Espaces. Déplacements. Dérives. 01
La conférence du 3 décembre 2008 a été ouverte par la présentation de Thiery Davila sur «Le déplacement dans le processus de création artistique». Ses propos sont présentés en détail dans son livre Marcher, Créer. L’idée centrale de cette conférence est que l’artiste, en quittant son atelier —espace classique par excellence de travail créatif— trouve dans le déplacement un outil privilégié de création. Pour des artistes comme Gabriel Orozco et Francis Alÿs, la notion d’atelier comme lieu de production commence alors à se défaire. «Cela signifie que chez eux, marcher est un moyen artistique, politique d’interroger le monde tel qu’il va, de s’y insérer, de le transformer d’une manière infra mince à partir d’actes, de gestes frappants.»
(«Le déplacement un outil artistique spéculatif» Thierry Davila http://www.synesthesie.com/mobilites/popup/davila_texte.html )

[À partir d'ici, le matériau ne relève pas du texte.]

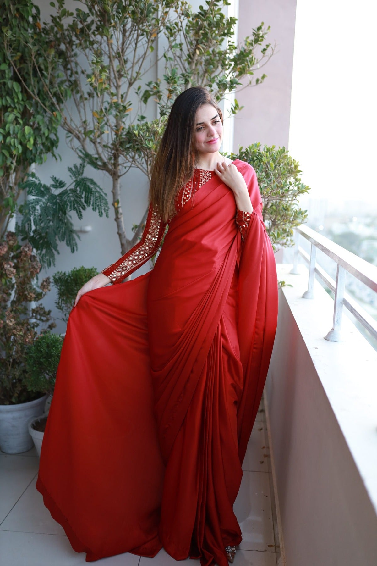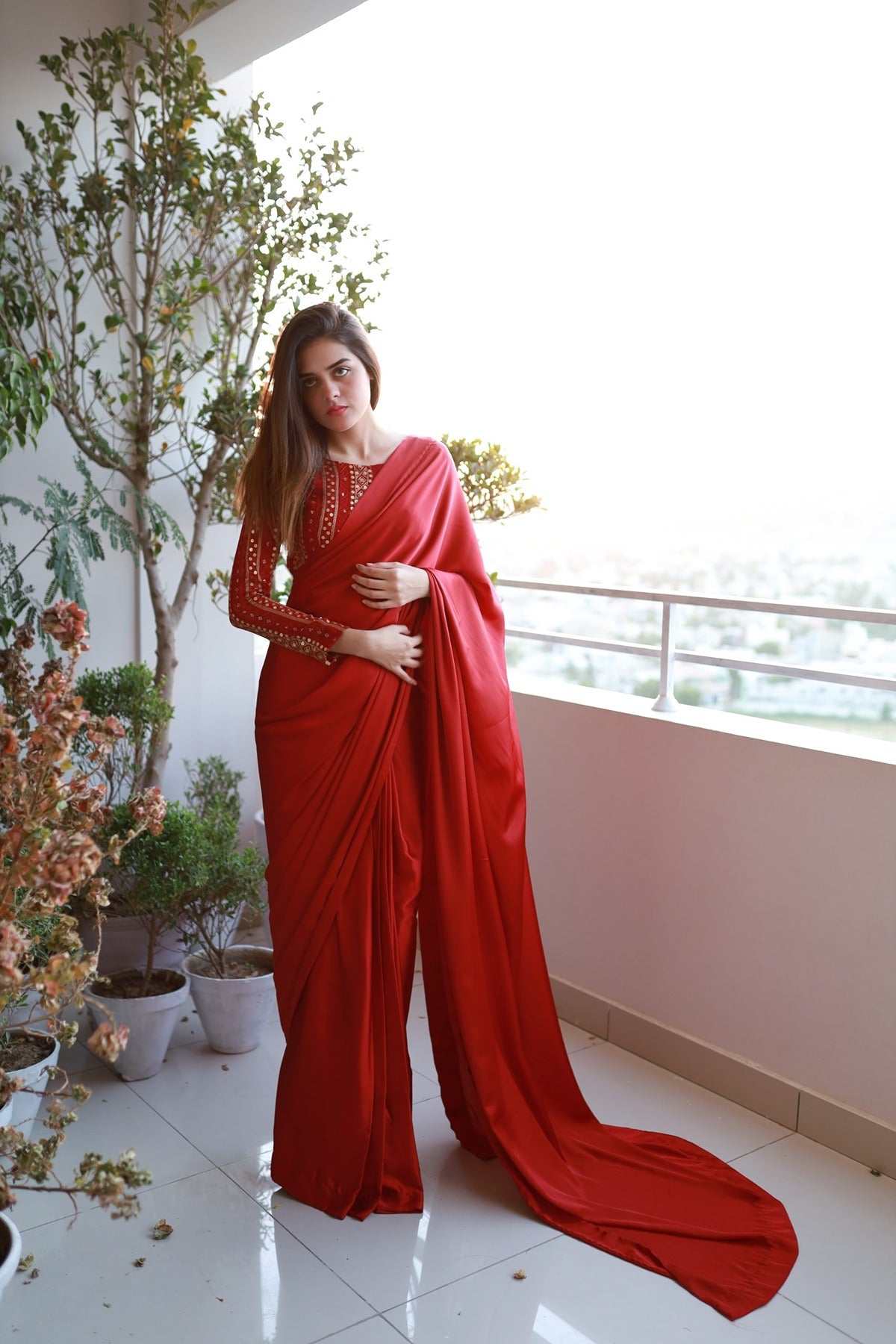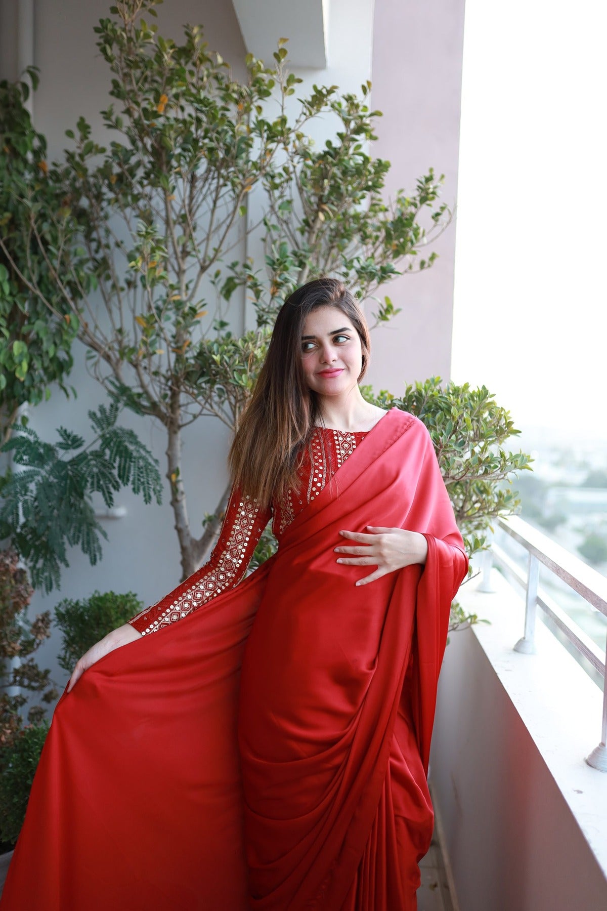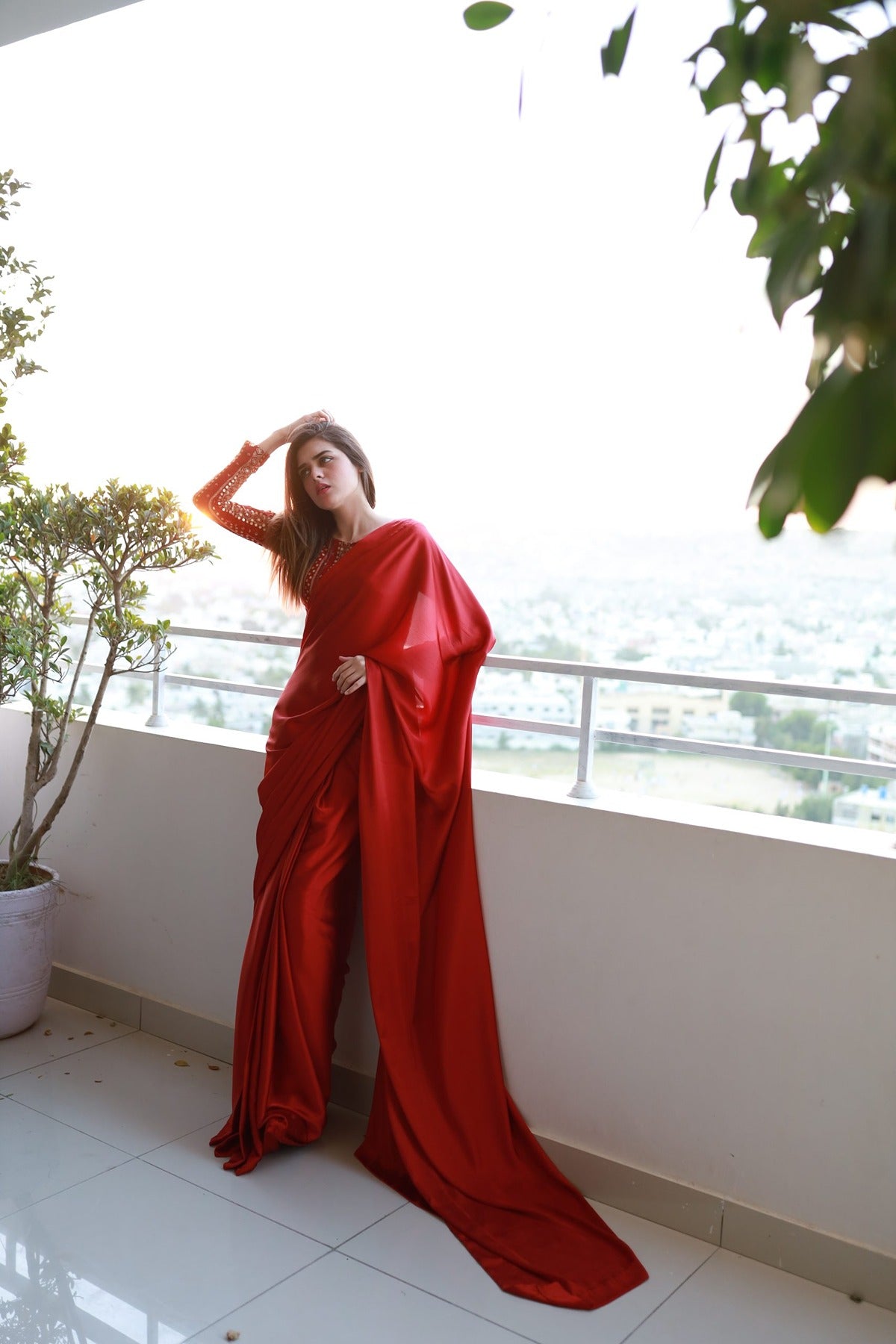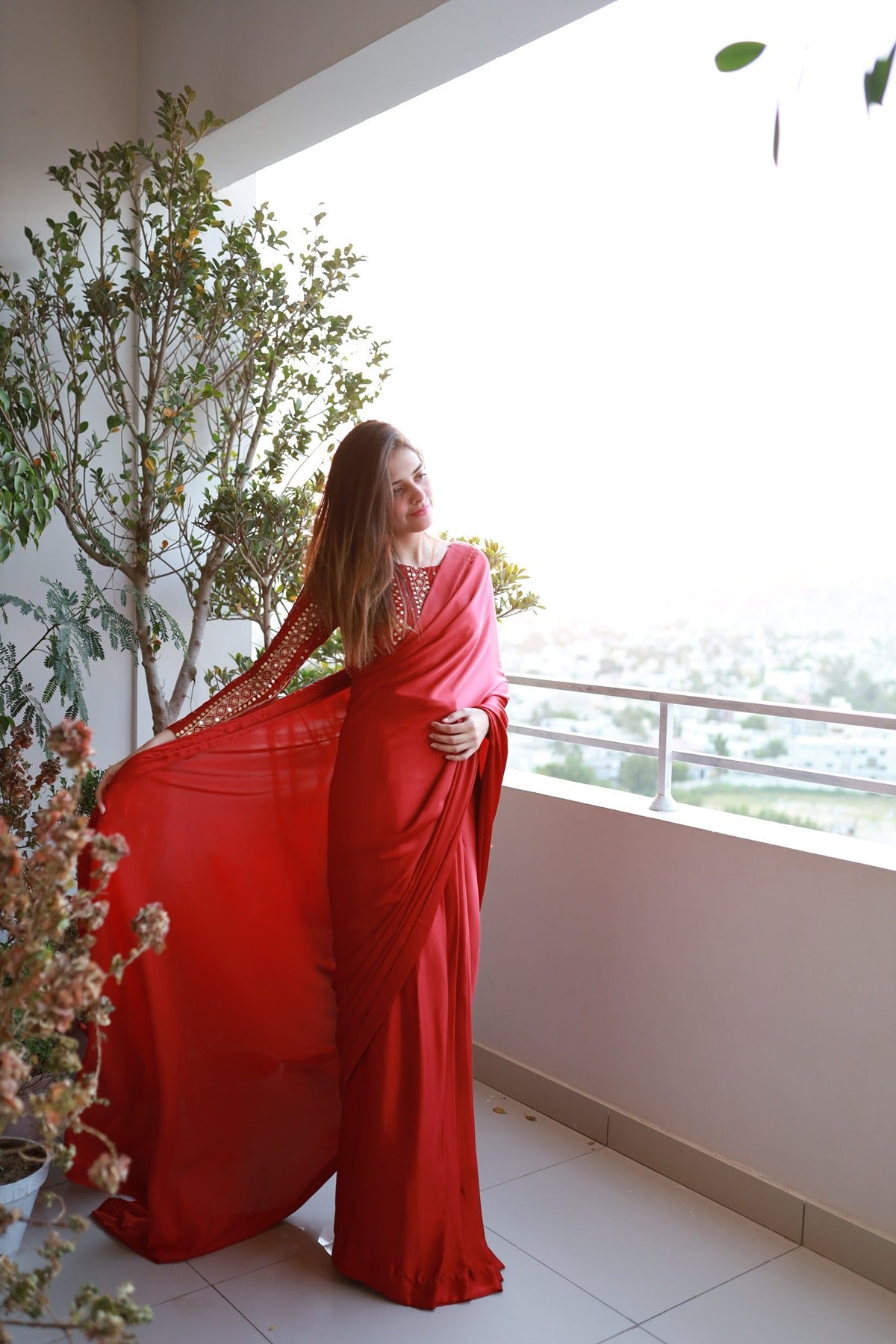 SAAD IBRAHIM | SAREES | SOLID RED SILK SAREE WITH CHIKANKARI BLOUSE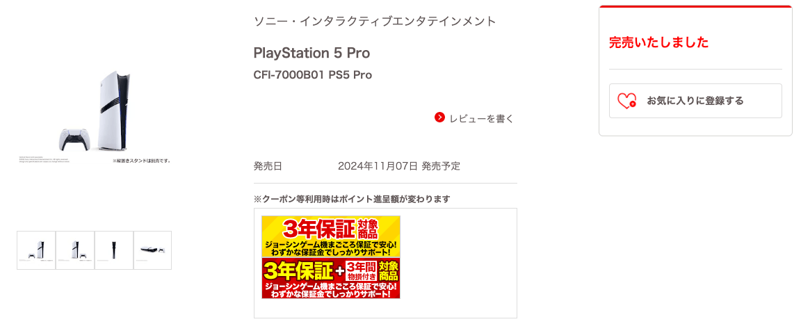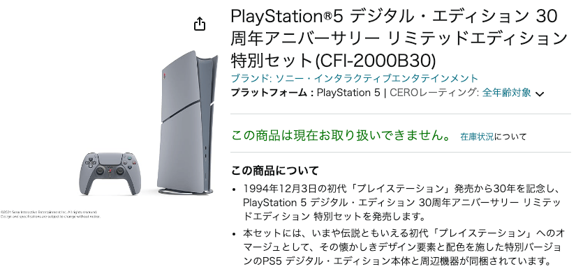 30周年モデルの他にPS5 Proの予約受付も開始されたが、そちらもすぐに完売となっている。

Les artistes qui marchent sont comme des explorateurs. Je ne pense pas qu’il s’agit de trouver quelque chose de précis au but de ce voyage, c’est plutôt l’acte en soi de se déplacer et ce dialogue permanent avec la ville qui compte. Des artistes comme Francis Alÿs, Gabriel Orozco ou le groupe Stalker à Rome entretiennent des rapports très vivants avec l’espace urbain. Leur démarche n’est pas sans référence, surtout quand on pense à l’image baudelairienne du flâneur, bien définie par Walter Benjamin dans son livre Paris, Capitale du XXe siècle. De plus, il y a aussi la pratique de la dérive telle que les situationnistes l’ont mise en valeur. Le mouvement est aussi un outil d’expérience, de mise à l’épreuve du réel, d’expérimentation du réel. L’art ne se limite plus à la volonté du créateur mais il est vécu par tout le monde: par les passants, par les habitants de l’immeuble qui exposent leurs oranges à la fenêtre, à la demande de l’artiste, par les touristes… Le rôle de l’artiste change également. Il ne détient plus le contrôle absolu de son œuvre. Il donne seulement le premier coup de pouce. Le reste se fait par soi même. L’artiste acquiert le statut d’un nomade. Il explore le milieu urbain. La ville est comprise en tant qu’organisme vivant, qui respire, vit par ses habitants…On peut y prendre son pouls, l’écouter, la filmer, la photographier.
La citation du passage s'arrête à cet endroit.